大型車の車輪脱落事故が増加していますので、以下の事故防止対策について積極的な取り組みをお願いいたします。
1.事業主・会社代表者の方へ
車輪脱落事故防止のための「お・と・さ・な・い」のポイントについて、自社内の整備管理者、運転者及びタイヤ脱着作業者に周知徹底を図ってください。
2.整備管理者・補助者の方へ
作業時間に余裕を持った、計画的なタイヤ脱着作業を実施してください。特に降雪地を運行する車両がある場合は、積雪予報が発せられた際に急な交換とならないよう十分配慮して、自社内でタイヤ脱着作業を行う際は、正しい知識を有した者が実施してください。
・著しくさびたホイール・ボルトやホイール・ナット、ディスク・ホイールでは、適正な締付力が得られないため、タイヤ脱着作業時に点検・清掃や潤滑剤の塗布を行っても、さびが著しいディスク・ホイールや、ひっかかり等の異状がありスムーズに回らないホイール・ボルト及びホイール・ナットは、使用せず交換してください。
・車輪脱落事故の多い左側後輪について重点的に点検してください。
・積雪地域や舗装されていない道路を走行する大型車について、入念に点検してください。
・増し締めをやむを得ず車載工具で行う場合の実施方法を運転者やタイヤ脱着作業者に指導してください。なお、車載工具で増し締めを行った場合は、必ず帰庫時にトルク・レンチを使用して規定のトルクで締め付けてください。

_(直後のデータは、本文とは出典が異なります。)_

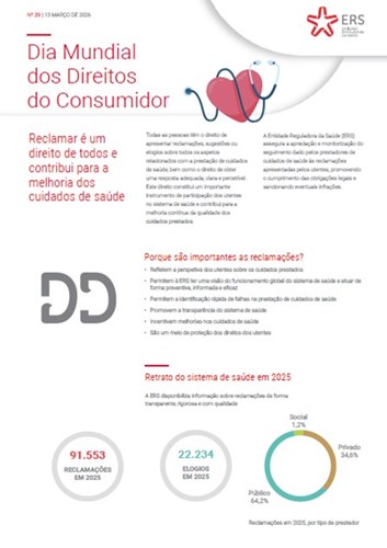 No âmbito da celebração do Dia Mundial dos Direitos do Consumidor, que se assinala a 15 de março, a Entidade Reguladora da Saúde (ERS) divulga um boletim dedicado ao direito à reclamação, destacando o papel das reclamações enquanto contributo fundamental para promover maior transparência e qualidade no sistema de saúde.

・また、トルク・レンチは校正が必要ですので留意してください。
3.対策のポイント
依然として、自社でタイヤ脱着した大型車による車輪脱落事故が多発していることを踏まえた対策
自社内で大型車のタイヤ脱着作業を行うときは、作業者に「タイヤ脱着作業管理表」に沿って作業を実施し、その結果を記録してください。
・タイヤ脱着作業完了後、「タイヤ脱着作業管理表」をもとに適正なタイヤ脱着作業が行われていることを確認してください。
・「タイヤ脱着作業管理表」を使用し、増し締めの実施結果を記録してください。
・点検実施者に「日常点検表」を使用し、「ディスク・ホイールの取付状態」の点検を確実に行ってください。
・増し締め実施後、点検ハンマによる確認手法、ホイール・ナットへマーキング(注1)を施す、又は、インジケーター類を装着し、それらのずれを確認する手法により、ホイール・ナットの緩みの点検(注2)を確実に確認してください。
注1 ホイール・ナットへのマーキング(合いマーク)は、目視によりホイール・ナットの緩みを確認可能とする措置であるため、以下の点に留意して施工する。
・マーキングは、対象となるナットが緩んでいないことを確認し、施工する必要がある。
・マーキングは、ボルト、ナットに連続して記入する。できれば、座金、ホイール面まで連続して記入することが望ましい。
・マーキングは増し締め実施後に施工する。
・タイヤ脱着時にマーキングを施工したときは、増し締め実施後に再度、マーキングを施工する。この場合、以前のマーキングを消して新たに施工するか、以前のマーキングは残し色違いのマーキングを施工するかのいずれかによる。
・マーキングが確認しやすい色(白色、黄色等)を使用する。また、マーキングのずれが目視で判別できるよう、適当な太さで施工する。
・マーキングの記入に使用する塗料は、屋外使用に適し、雨や紫外線等に対して耐久性のあるものを使用する。(例:油性顔料インキ)
注2 ISO 方式のホイールにおいて、「ホイール・ナットの緩み」の点検を、ホイール・ナットへのマーキング又はインジケーター類による合いマークのずれの確認により行っても差し支えない。